** Work order **
Restate the data word for word and leave the images out.

** Data provided **
%%
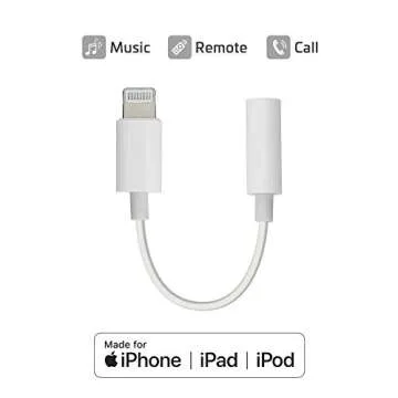 Show more Introducing the ChargeWorx Premium 3.5 Lightning Adapter, a must-have accessory for iPhone users who want to maintain their audio experience without compromise. This adapter is MFI certified by Apple, ensuring it meets the highest standards of quality and compatibility with iPhones, iPads, and iPods. Say goodbye to audio distortion and hello to pure sound clarity as you transition from traditional headphones to the newer Lightning technology. This compact and sleek adapter works seamlessly with an array of iPhone models, including the iPhone 12, 11, and many more, guaranteeing that you can enjoy your favorite tunes anywhere you go.
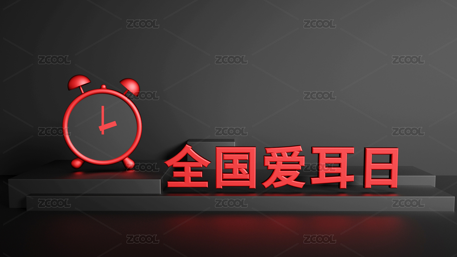 由鬧鐘和黑色幾何空間組成全國愛耳日場景
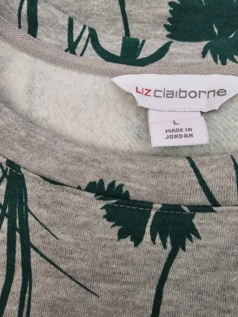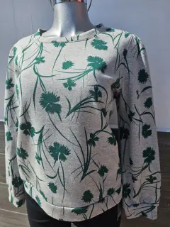 Blusa gris con estampados verdes manga larga. Blusa gris con estampados verdes manga larga, afelpada por dentro, talla grande (L)
%%
** Output **
 Show more Introducing the ChargeWorx Premium 3.5 Lightning Adapter, a must-have accessory for iPhone users who want to maintain their audio experience without compromise. This adapter is MFI certified by Apple, ensuring it meets the highest standards of quality and compatibility with iPhones, iPads, and iPods. Say goodbye to audio distortion and hello to pure sound clarity as you transition from traditional headphones to the newer Lightning technology. This compact and sleek adapter works seamlessly with an array of iPhone models, including the iPhone 12, 11, and many more, guaranteeing that you can enjoy your favorite tunes anywhere you go.
 由鬧鐘和黑色幾何空間組成全國愛耳日場景
 Blusa gris con estampados verdes manga larga. Blusa gris con estampados verdes manga larga, afelpada por dentro, talla grande (L)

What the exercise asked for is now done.